I saw him off and on after that, on weekends while I went to school during the week. There were three other men in the class of fifty, and Chris and I started dating. It was insane, both of us combining work and school and building a relationship, but somehow it worked.
Chris had been a tattoo artist, had gotten interested in helping people while injecting ink beneath their skin. I wanted to show him Mr. Reilly’s tattoo, but there were limits to the tolerance of the elderly. Suspecting I was gay and knowing it were two different things.
One day, though, Chris brought me to work, and Mr. Reilly brought it up himself.
“Is your young man coming to pick you up as well?”
I hadn’t lied directly to anyone about my sexuality since I was fifteen. “He is.”
“You bring him by, then. I want to meet him.”
It was almost like introducing Chris to my Dad. Like Dad, Mr. Reilly was cool about it. They talked for a bit, Chris’s old job came up, and Mr. Reilly paused a moment and then unbuttoned his shirt. “You ever see anything like this?”
“No, Sir,” Chris breathed.
I closed my mouth. The hands were reaching past midline, almost to the heart.
Mr. Reilly’s crooked smile said that he knew. “Don’t mess it up, Son. Boys, girls, I guess we’re all human first. Don’t give up on what you’ve got.”
I nodded.
* * *
A few months later, during my first shift as a brand new RN, one of the aides ran to get me. “John, Mr. Reilly’s worse. He’s calling for you.”
I knew that he’d never married, that a nephew was his closest relative. I went, hoping my presence would help.

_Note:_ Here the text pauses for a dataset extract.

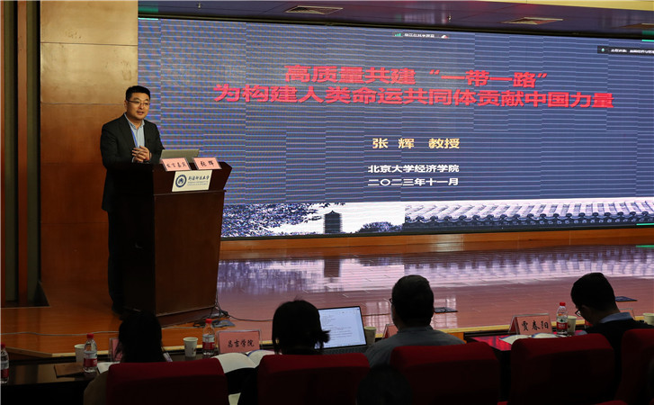 张辉教授作了题为“高质量共建‘一带一路’为构建人类命运共同体贡献中国力量”的主旨报告。报告从回顾“一带一路”的10年开始,梳理了“一带一路”的发展历程及取得的历史成就;接着又从历史逻辑与时代诉求的角度分析了“一带一路”何以“能”;从助力全球共同发展繁荣的机制分析角度论证了“一带一路”何以“行”。最后,张辉教授分析了当前共建“一带一路”面临的世界“百年未有之大变局”加速演变,全球政治经济环境更趋复杂的挑战,及党的二十大统筹新发展阶段谋篇布局、“一带一路”倡议作为全球化进程的中国方案,已深深嵌入世界经济格局的机遇,着重体现了高质量共建“一带一路”为构建人类命运共同体过程中中国力量的贡献。

He was sitting up in bed, gasping. “No hospital,” he said, his eyes fierce. “It’s going to be soon. I just wish…I wish my heart was going to Lorena, where it belongs.”
I got him nitro, held his hand, listened to his heart. The Reaper’s hands were curved now, into claws. When Mr. Reilly was calm, I left him, promising to return soon.

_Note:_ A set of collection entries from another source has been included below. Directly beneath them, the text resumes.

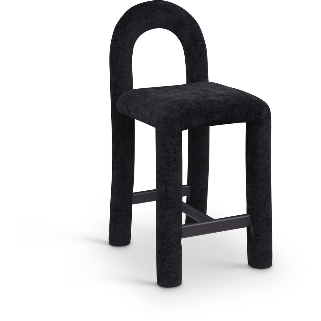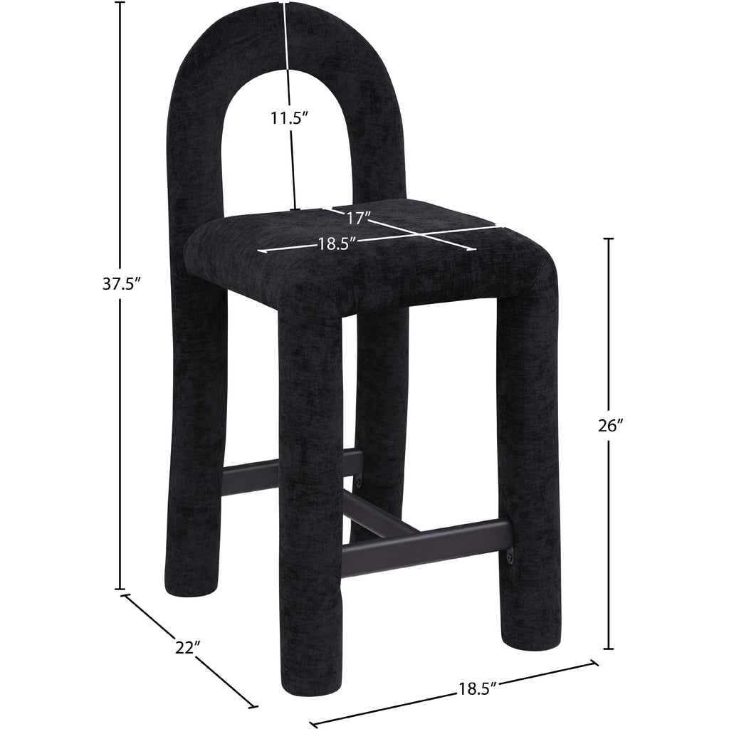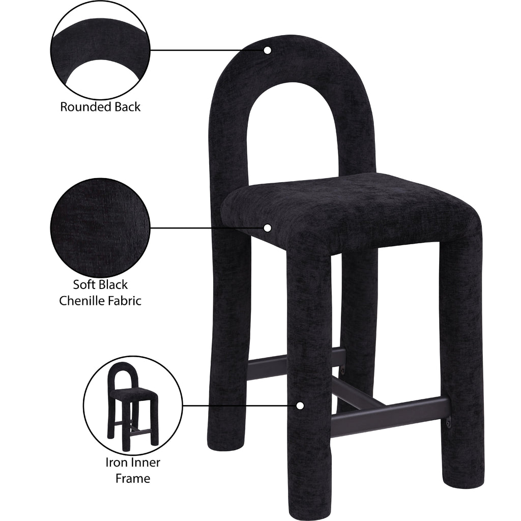 Meridian Amari Black Vegan Leather and Boucle Fabric Stool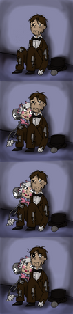 Honestly this is so brilliantly done, the shading really captures the emotion and feeling of being ignored and unwanted. The dull tones match not only the game but the overall feel of this AU so beautifully. JOE's expression and pose is absolutely heartbreaking too, shows he means no harm and the only similarity to Joey he has is his looks. Unfortunately, that appears to be enough of a reason for his creator to push him away. Someone save this child. Amazing work as always!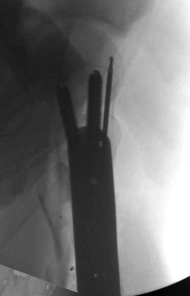 Из всех типов фиксации взяли малоинвазивную технику мостовидной пластиной, использовали Locking проксимальную Synthes пластину.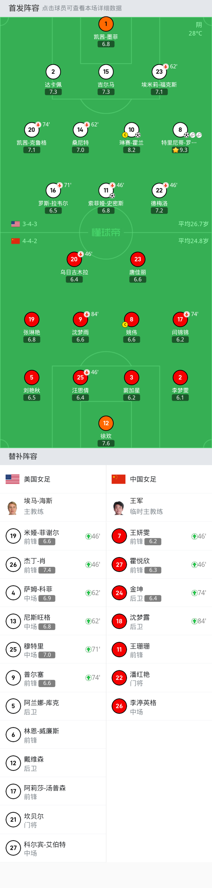 美国女足首发:10-琳赛-霍兰, 16-罗斯-拉韦尔, 14-桑尼特, 2-达卡佩, 11-索菲娅-史密斯, 1-凯茜-墨菲, 23-埃米莉-福克斯, 15-吉尔马, 22-德梅洛, 8-特里尼蒂-罗德曼, 20-凯茜-克鲁格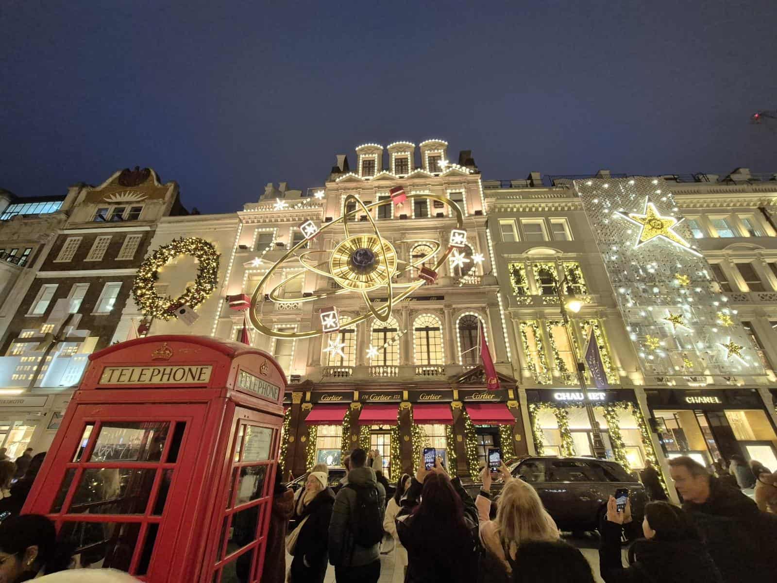 A slight detour onto Berkeley Square brings you to what’s often considered London’s most photographed Christmas displays – Annabel’s private members’ club. While you can’t go inside, their exterior decorations are a spectacular sight that changes theme each year.

My first call was to Mr. Reilly’s nephew. The second was to Chris.
* * *
Chris arrived just after the nephew’s signed consent, and I explained what I needed him to do. He went in himself to explain it to Mr. Reilly, to get the consent there. Then he went to work, and I returned to med passes and vitals.
An hour later it was done. Mr. Reilly stared at the new tattoo, tears in his eyes; Chris had covered it with a clear dressing, so the heart was easily visible, with the words ‘Tom loves Lorena FOREVER’ emblazoned across it.
He grasped my hand. “Thank you. Now I’m not afraid to go.”
“There’s no hurry,” I teased gently. “I hear we’re having French toast for breakfast.”
He gave his bark of laughter, and closed his eyes. “We’ll see.”
The aide came to get me just at dawn, to do the pronouncement. I opened the pajama top to confirm the lack of a heartbeat, and then stopped.
The new heart was still there, but the hooded figure bore the face of a young, smiling woman. Hands, not claws, cradled the heart. The words, still in Chris’s flowing script, proclaimed: Lorena loves Tom. FOREVER.